— What is being asked —
Without the pictures, print the lines from the one holding "在代縣這片充滿活力的土地上,處處涌動(d" through the last line below, both included, exactly as they stand.

(Stored data entries)
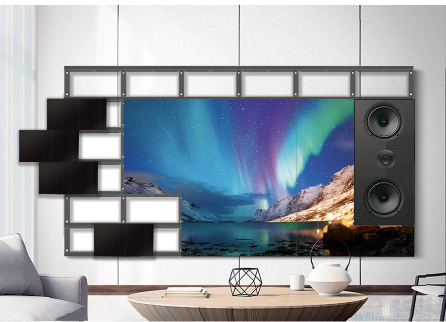 위 도표를 기준으로 본다면, 설치는 16:9 모듈 ⓐ/ⓑ를 기본으로 해서, 21:9로 확장하기 위한 모듈 ⓒ-1/ⓒ-2/ⓒ-3 3가지를 더해 총 6가지 형태로 구성해 보았다. 실제 상용화 시에는 줄어들 수도 있고, 달라 질수도 있겠지만, 다양한 형태로 제안하는 이유는, Micro LED TV의 특성을 살려, 용도에 맞게 화면을 구성해서 사용하기 위함이다. ⓐ+ⓒ-1> 2K(1920x1080)모듈 16개(4x4)+1280x1080용 모듈 8개(2x4)로 구성한 8KK(16:9)↔10K(21:9) Micro LED TV ==> 총 24개 모듈 사용
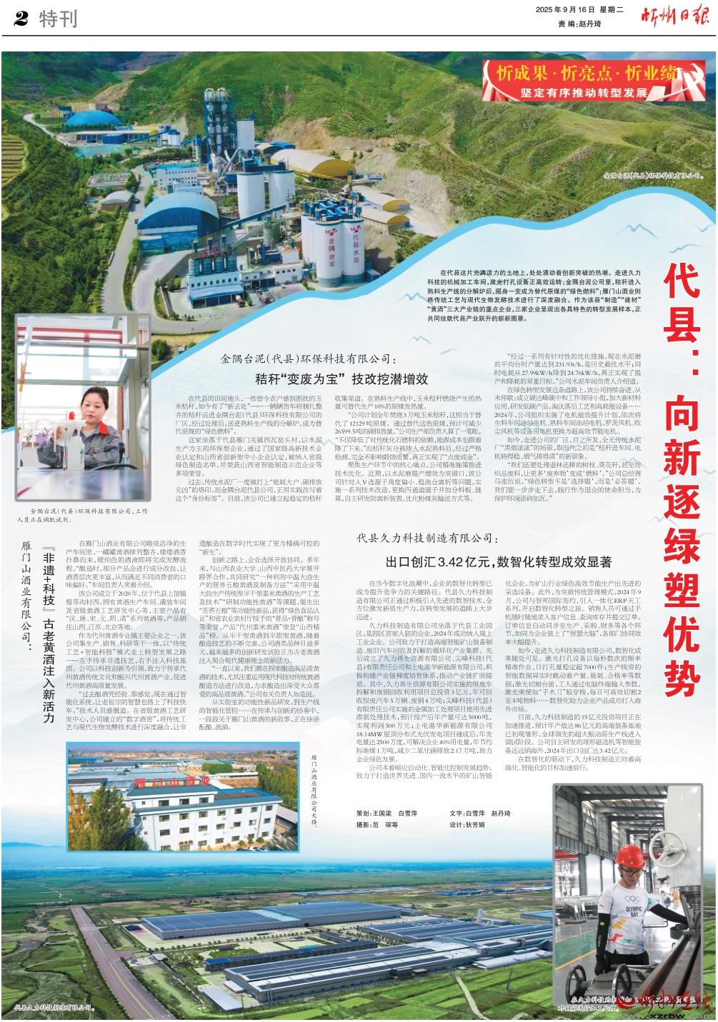 在代縣這片充滿活力的土地上,處處涌動(dòng)著創(chuàng)新突破的熱潮。走進(jìn)久力科技的機(jī)械加工車間,激光打孔設(shè)備正高效運(yùn)轉(zhuǎn);金隅臺(tái)泥公司里,秸稈進(jìn)入熟料生產(chǎn)線的分解爐后,搖身一變成為替代原煤的“綠色燃料”;雁門山酒業(yè)則將傳統(tǒng)工藝與現(xiàn)代生物發(fā)酵技術(shù)進(jìn)行了深度融合。作為該縣“制造”“建材”“黃酒”三大產(chǎn)業(yè)鏈的重點(diǎn)企業(yè),三家企業(yè)呈現(xiàn)出各具特色的轉(zhuǎn)型發(fā)展樣本,正共同繪就代縣產(chǎn)業(yè)躍升的嶄新圖景。
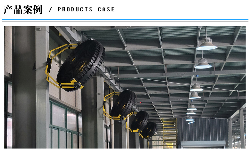 工业厂房:机械加工、五金、注塑、纺织、电子、包装、钢结构厂房等大面积通风降温。
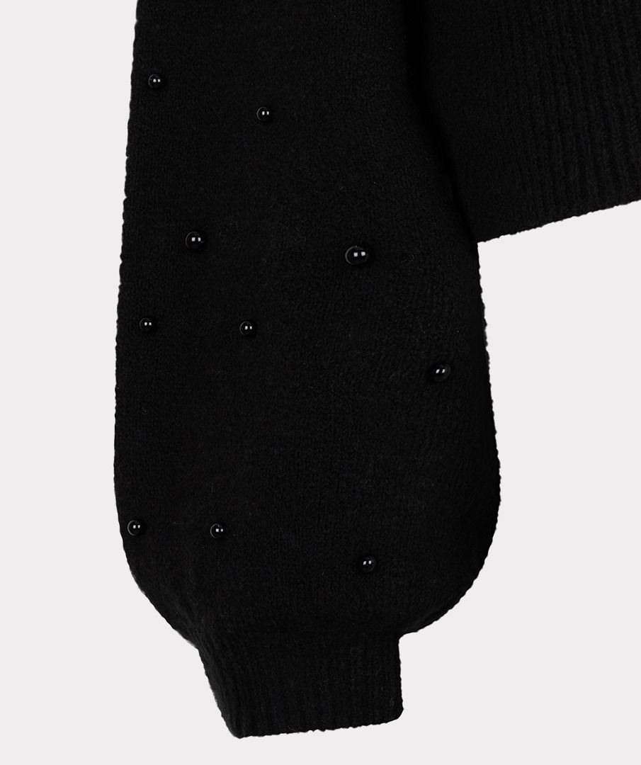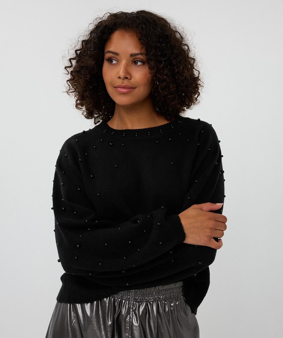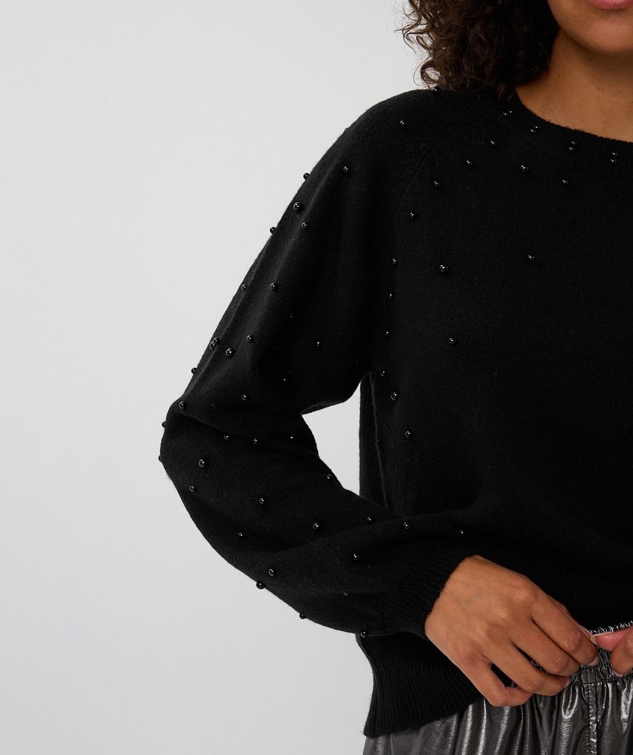 Comfy sweater with small beads across the shoulders and arms for a playful touch. The sweater is made of 53% cotton, 25% acrylic, 20% polyester and 2% spandex. Model is 1.73m and wears size S.
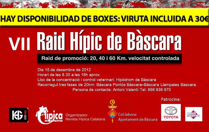El próximo día 15 de Diciembre de 2012, se correrá el VII Raid Hípico de Báscara en Girona, con las siguientes pruebas:
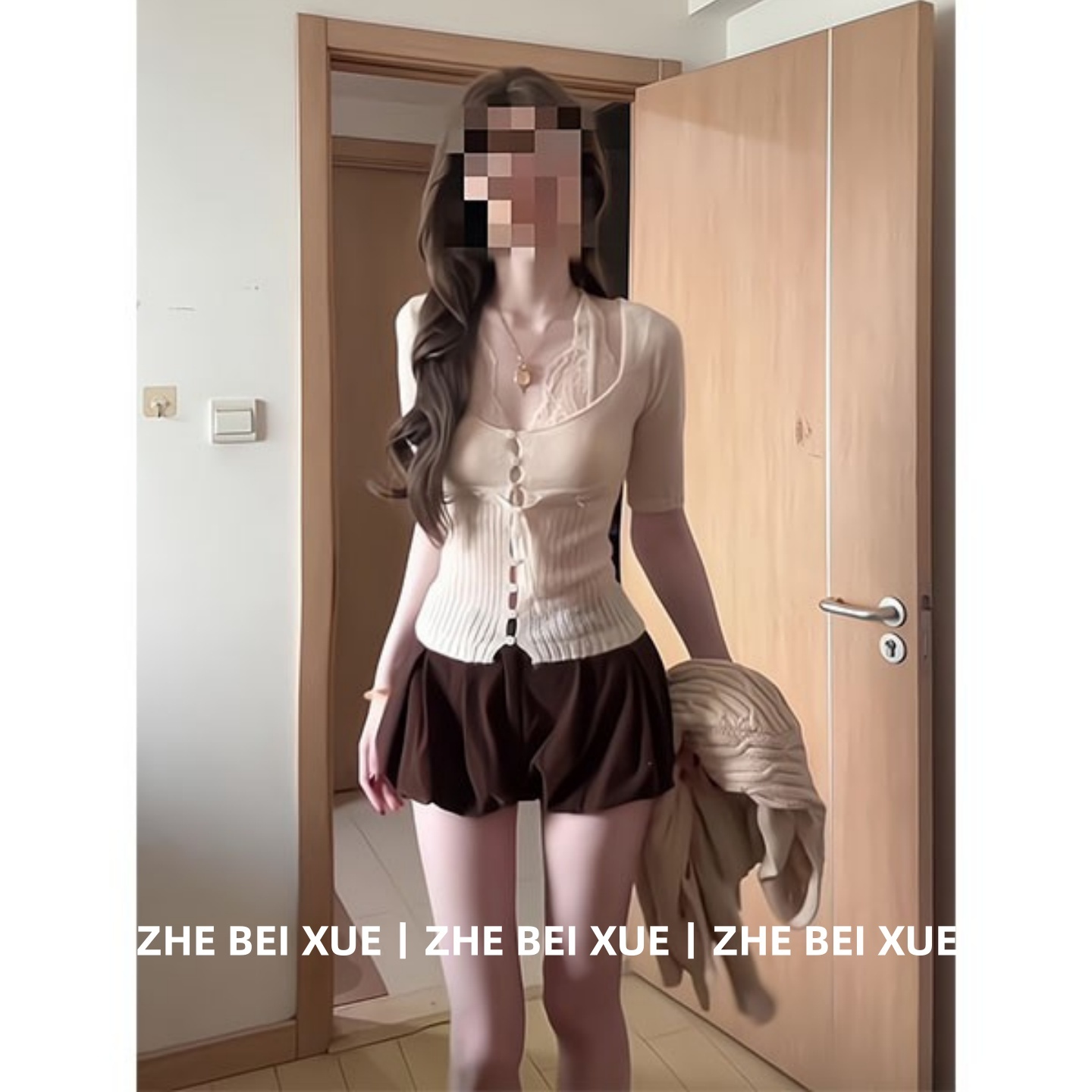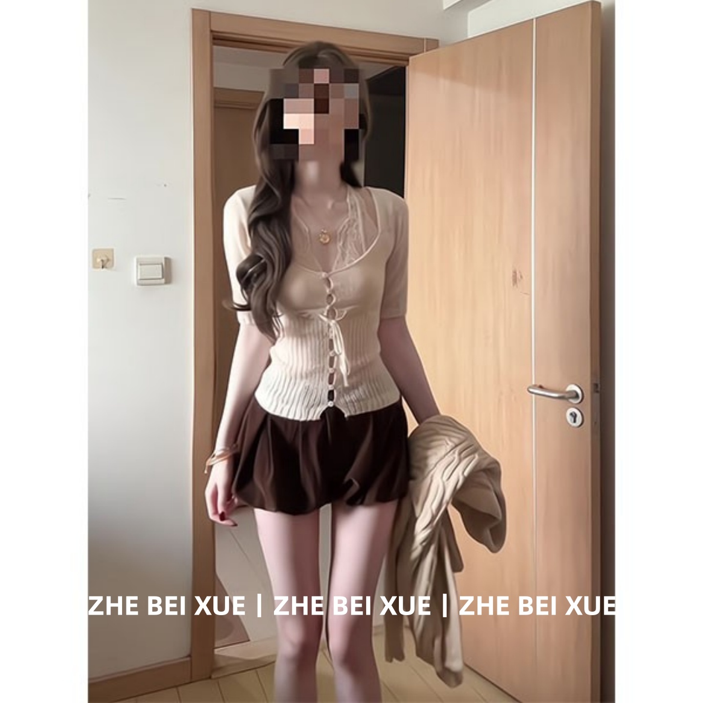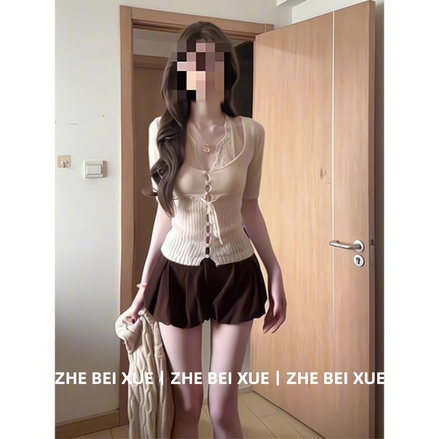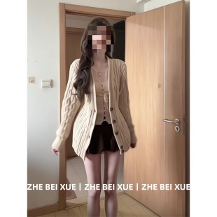 花苞短裤 毛衣外套开衫 长袖 气质一整套ootd穿搭u领挂脖绑带针织衫

— Solution to the exercise —
 在代縣這片充滿活力的土地上,處處涌動(dòng)著創(chuàng)新突破的熱潮。走進(jìn)久力科技的機(jī)械加工車間,激光打孔設(shè)備正高效運(yùn)轉(zhuǎn);金隅臺(tái)泥公司里,秸稈進(jìn)入熟料生產(chǎn)線的分解爐后,搖身一變成為替代原煤的“綠色燃料”;雁門山酒業(yè)則將傳統(tǒng)工藝與現(xiàn)代生物發(fā)酵技術(shù)進(jìn)行了深度融合。作為該縣“制造”“建材”“黃酒”三大產(chǎn)業(yè)鏈的重點(diǎn)企業(yè),三家企業(yè)呈現(xiàn)出各具特色的轉(zhuǎn)型發(fā)展樣本,正共同繪就代縣產(chǎn)業(yè)躍升的嶄新圖景。
 工业厂房:机械加工、五金、注塑、纺织、电子、包装、钢结构厂房等大面积通风降温。
 Comfy sweater with small beads across the shoulders and arms for a playful touch. The sweater is made of 53% cotton, 25% acrylic, 20% polyester and 2% spandex. Model is 1.73m and wears size S.
El próximo día 15 de Diciembre de 2012, se correrá el VII Raid Hípico de Báscara en Girona, con las siguientes pruebas:
 花苞短裤 毛衣外套开衫 长袖 气质一整套ootd穿搭u领挂脖绑带针织衫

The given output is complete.